To delve a bit deeper into the world of network security and DDoS attacks, we spoke to Aftab Afzal, SVP and GM for EMEA at NSFOCUS IB.

  1. What did you take away from this year's Cloud Security Expo?

This year’s Cloud Security Expo was a great event and platform for us to meet with the public and industry experts to show case latest cyber security solutions. NSFOCUS showcased their Anti DDoS solution and provided a sneak preview of the global intelligence platform that underpins their protection offerings. The interest was overwhelming and the show also provide a great opportunity for NSFOCUS to meet with our customers.

  1. How have DDoS attacks developed in the last 12 months or so and why are they now so popular with hackers?

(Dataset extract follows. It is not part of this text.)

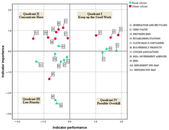 A visual analysis of the IPA rating grid plots across the four quadrants for the proposed PWM solutions, shown in Figure 3, shows the relative strengths and weaknesses of the indicators of I-P. Based on the views expressed by urban citizens, indicators I1, I3, and I5 were located in quadrant I. These findings imply that environmental managers and policymakers should continue to maintain their current performance in order to meet the goal of advancing sustainable PWM in the near future. On the other hand, there were seven indicators assigned to quadrant II based on urban citizens’ ratings; namely, “zero-waste”, “establishing stations”, “eco-friendly products”, “citizen associations”, “NGOs, government agencies”, “implement SUPs ban”, and “imposing SUPs ban”. Evidently, most urban citizens believe that there is room for improvement in the performance of these PWM solutions, and that a combination of these solutions should be implemented in the future. This points to the fact that providing the PWM performance for a sustainable development strategy must be considered a top priority. Only the indicator “fees” (code I9) was located in quadrant III (Low Priority) by this cohort, which means urban citizens perceived this indicator to be relatively unimportant and also felt this solution was not performing well. Similarly, the I-P analysis of rural citizens also showed that two indicators were located in quadrant I, one in quadrant II, seven in quadrant III, and one in quadrant IV (Figure 3). Various indicators were determined to fall within quadrant I, indicating that these solutions are perceived as very important and showing a high level of satisfaction with their performance. Therefore, managers should “keep up the good work” with regard to this indicator, continuing programs such as “segregation and recycling” (code I1), and “providing bins” (code I3). The indicator “establishing stations”, located in quadrant II, should be “concentrated” upon for improvement because it has high importance but low performance in the eyes of rural citizens. Martilla and James [] called the third quadrant “low priority”; accordingly, the indicators in this zone were considered relatively less important and their performances were lower than the mean score of other indicators. There are seven indicators in this quadrant in the present study, including “zero-waste” (code I2), “eco-friendly products” (code I6), “citizen associations” (code I7), “NGOs, government agencies” (code I8), “fees” (code I9), “implement SUPs ban” (code I10), and “imposing SUPs ban” (code I11). Finally, “cloth bags and containers” (code I5) was located in quadrant IV. The importance of this solution was deemed to be low, but it was considered to perform well, which could indicate overinvestment and a misplaced overabundance of concern with this measure.

DDoS attack methods continue to evolve, and the last 12 months has seen no slow down in adoption by hacking communities. Reflection and amplification methods have been very popular and have been behind the new era of plus 200gbps attacks that generated a lot of media attention. However, low volume applications attacks and short burst drive by attacks have continued to plague many organisations and industries. The last 12 months saw the return of ransom attacks, however their attack types saw no dramatic change and used known methods. Other than an increase in size, complexity and frequency, the attack types continue to be aggregated and multi vector.

  1. Are there any specific variations across industries?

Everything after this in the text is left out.